Predict-ed perception of image sharpness using attention modeling with top-down pathways on semantic region features

Publication from Digital

Schwarz, M. and Wechtitsch, S., Hofmann, A. and Bailer, W., Thallinger, G., Fritz, G. and Paletta L.

In K. Holmqvist, F. Mulvey \& R. Johansson (Eds.), Book of Abstracts of the 17th European Conference on Eye Movements, ECEM 2013, 11-16 August 2013, in Lund, Sweden Journal of Eye Movement Research, , 1/2014


Automated visual quality analysis becomes an increasingly relevant aspect in efficient media production (Fassold et al., 2012, Proc. IEEE Intl. Symp. Multimedia). Quantitative measures of sharpness are used by broadcasters to identify important media characteristics such as the potential for resolution upscale. Computational models estimate the perceived sharpness to enable predictions of human response in massively automated media analyses. Comparison of fixations on different resolution imagery (Judd et al., 2010, J. of Vision) implies that consistency between lower and higher-resolution fixations depends on image content and complexity.
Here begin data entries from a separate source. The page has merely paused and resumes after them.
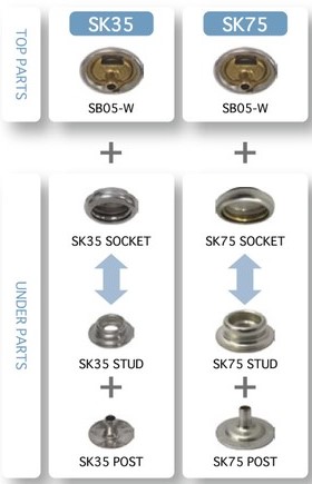 1.SK-環型彈簧四合扣和SW-S型彈簧四合扣(kòu)使用同樣的麵扣。
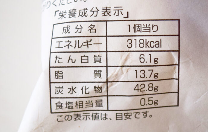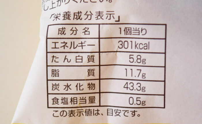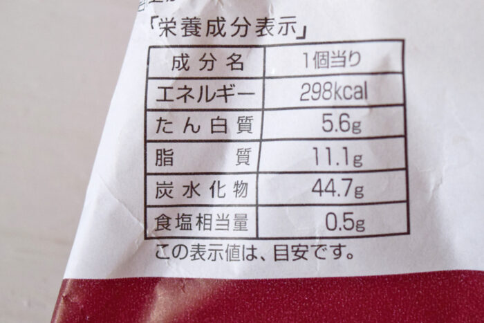 1個当たり298kcal。炭水化物は44.7gでした。しあわせ届けるくりぃむぱんシリーズは季節限定品が多いので、同時期に全てそろえるのは困難ですね…
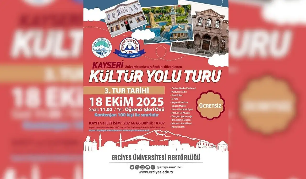 Kayseri Kültür Yolu Turu’nda öğrenciler Gevher Nesibe Medresesi, Kurşunlu Cami, Saat Kulesi, İç Kale, Kayseri Kalesi ve Kayseri Müzesi, Hunat Hatun Medresesi, Atatürk Evi Müzesi, Güpgüpoğlu Konağı, Meryem Ana Müzesi ve Kayseri Lisesi’ni ücretsiz bir şekilde gezme imkanı buluyor. 18 ve 25 Ekim tarihlerinde düzenlenecek olan turların saat 11.00’da Öğrenci İşleri önünde başlayacağı belirtildi.
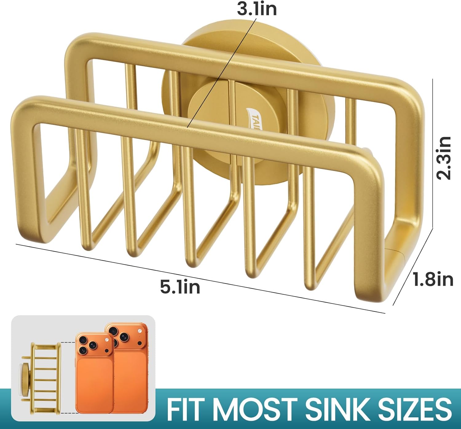 TAILI Sponge Holder for Kitchen Sink with Strong Suction Cup, Rustproof Aluminum Sink Caddy for Sponges, Removable Sponge Holder, Dish Brush for Scraper - Gold
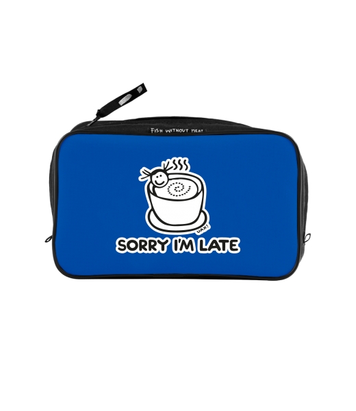 UAX Unisex sizes XL cosmetic bag with printing and pocket with design 1087 SORRY IM LATE in color CLASSIC BLUE
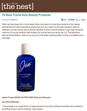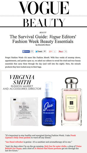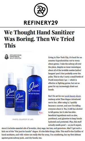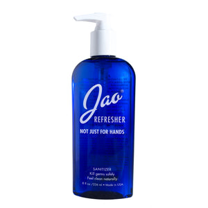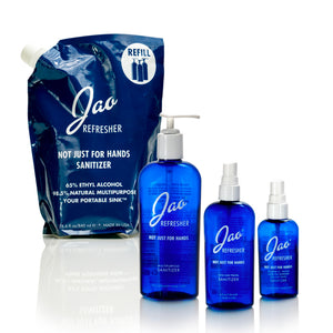 Jao Refresher™ 98.5% natural, multipurpose Jao Refresher™ is an instant disinfectant and aromatherapy boost in one. Kills germs and freshens hands with Ethyl Alcohol derived from grapes (less drying) and our very own blend of antiseptic essential oils: Lavender, Tea Tree, Eucalyptus, Geranium and Sage. We combine Chamomile and Calendula with natural cosmetic moisturizers so it will not dry out your hands. We do not use Triclosan or Bezalkonium Chloride, which are bad for the environment. Leaves skin feeling soft and refreshed - an effective hand sanitizer, instant skin cooler, body pick-me-up, rapid under-arm deodorant, zit zapper, after shave, and more!
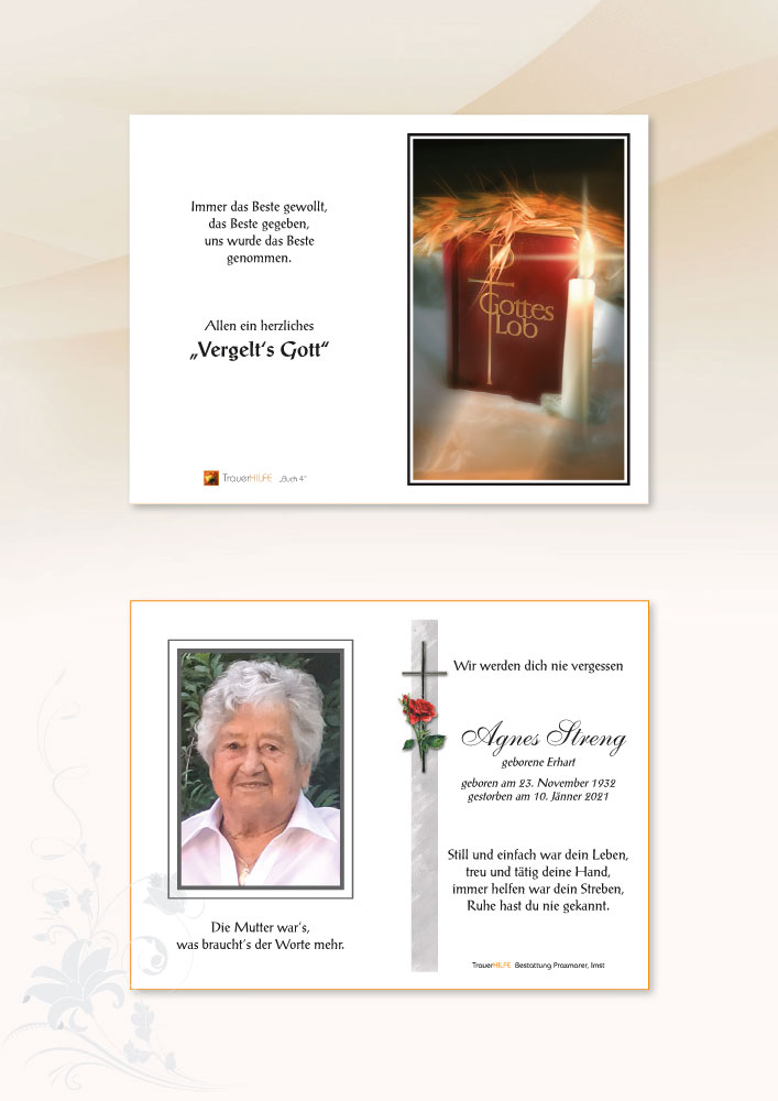Gottes Wille ist geschehen.Schön das ich dich kennen lernen durfte.Ruhe in Frieden Liebe Agnes.11.01.2021 17:04 - Zita aus Wenns
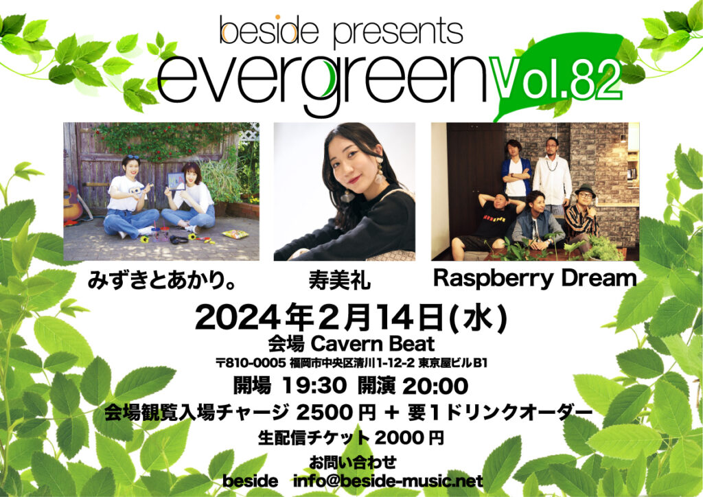 【ライブ生配信】evergreen vol.82 出演 寿美礼 , みずきとあかり。 , Raspberry Dream
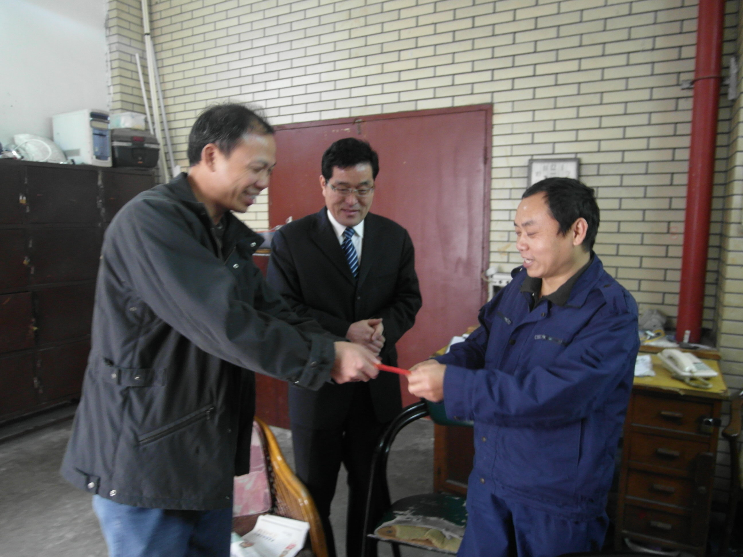 年终致慰问 岁末送温暖 ——后勤集团慰问困难员工 2012年元月12日、13日,后勤集团总经理谢银辉,党总支书记叶鹏飞,副总经理曾国斌、郑庆喜、陈有亮,党总支副书记、部门工会主席刘君彬,总经理助理吴泱分别带队慰问困难员工。 集团领导在送去慰问时,不忘握紧困难员工的双手,道一声问候,道一声感谢,道一声祝福,送去集团对他们的小小帮助,表达集团的点点心意和暖暖关怀。集团领导也代表集团对各位职工致以春节的祝福。 慰问工作早在2011年12月12日就已着手进行,做好发动、报名、审核、补报等细致工作,争取让每一个有困难的员工都收到集团特别的温暖慰问。经统计,此次共有75名困难职工得到集团的慰问。 集团办公室 杨妙萍 2011年元月13日
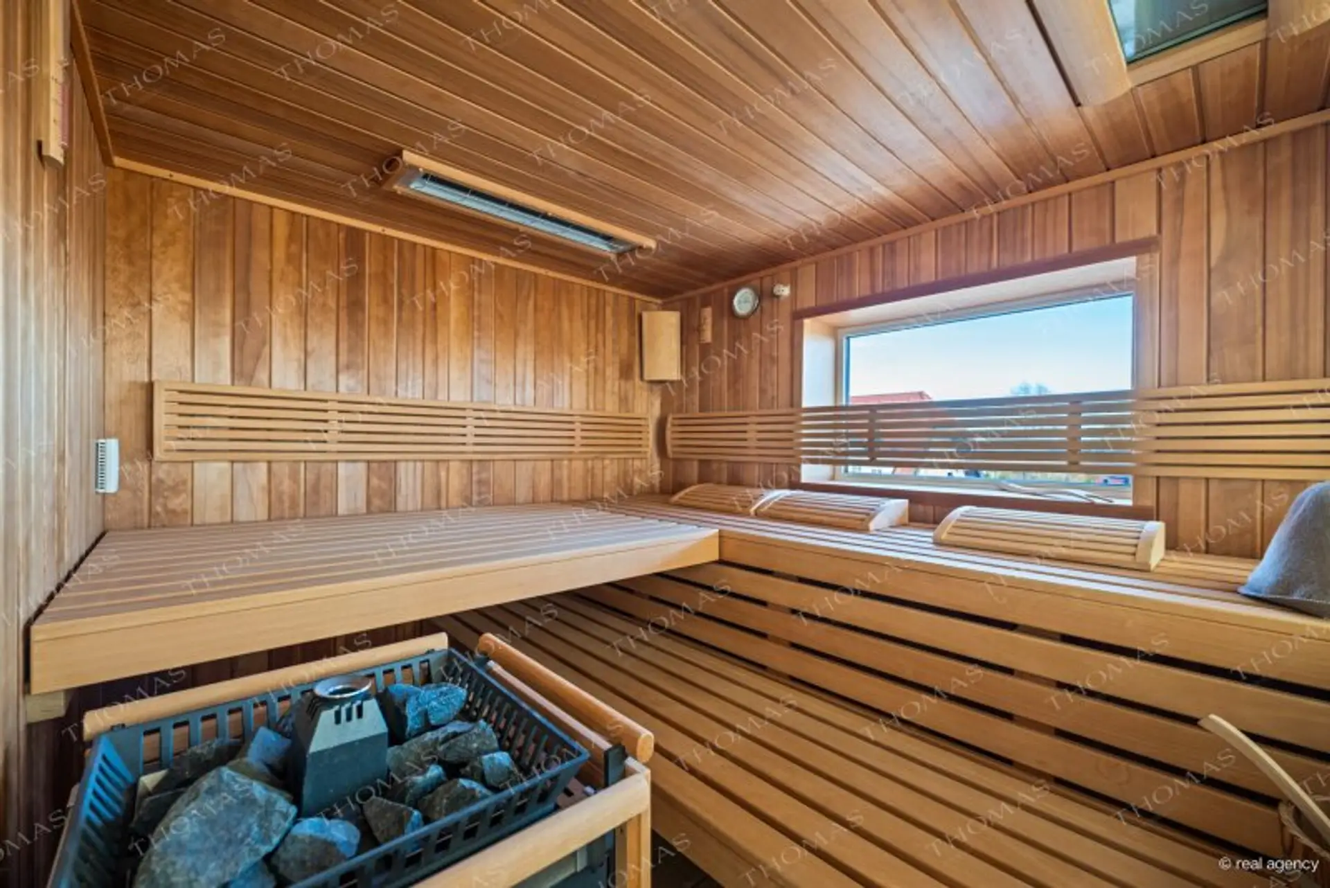 Wellness area with sauna, steam bath, whirlpool, and fireplace, surrounded by generous outdoor spaces with breathtaking panoramic views
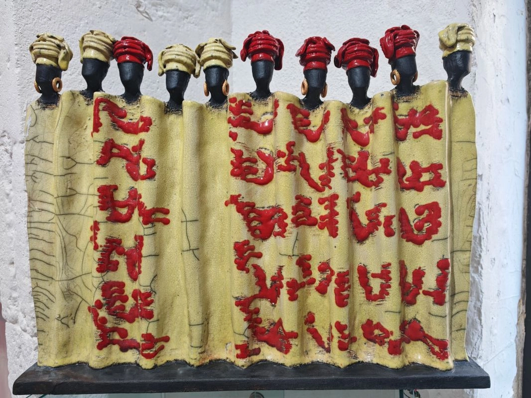 Magnifique sculpture en céramique émaillée, dans la Technique Japonaise du RAKU. Intitulée "Drapé 10 Africaines".

We investigated the impact of imagecomplexity and content, with 14 persons of 25-65 years, using eye-tracking to report locations of perceived sharpness in videos with various resolutions. Mean opinion scores (MOS) were used to validate the sharpness (Ferzli et al., 2007, Proc. ICIP). We applied automated semantic video block and feature (texture, motion, faces, persons, etc.) segmentation and used the resulting regions of interest to parameterize top-down pathways of the computational attention model of (Judd et al., 2009, Proc. ICCV). This innovative model provided superior saliency detection on the video sequences and allowed relating the sharpness perception reported by the viewers to specific regions, thus increasing the reliability of the sharpness scores.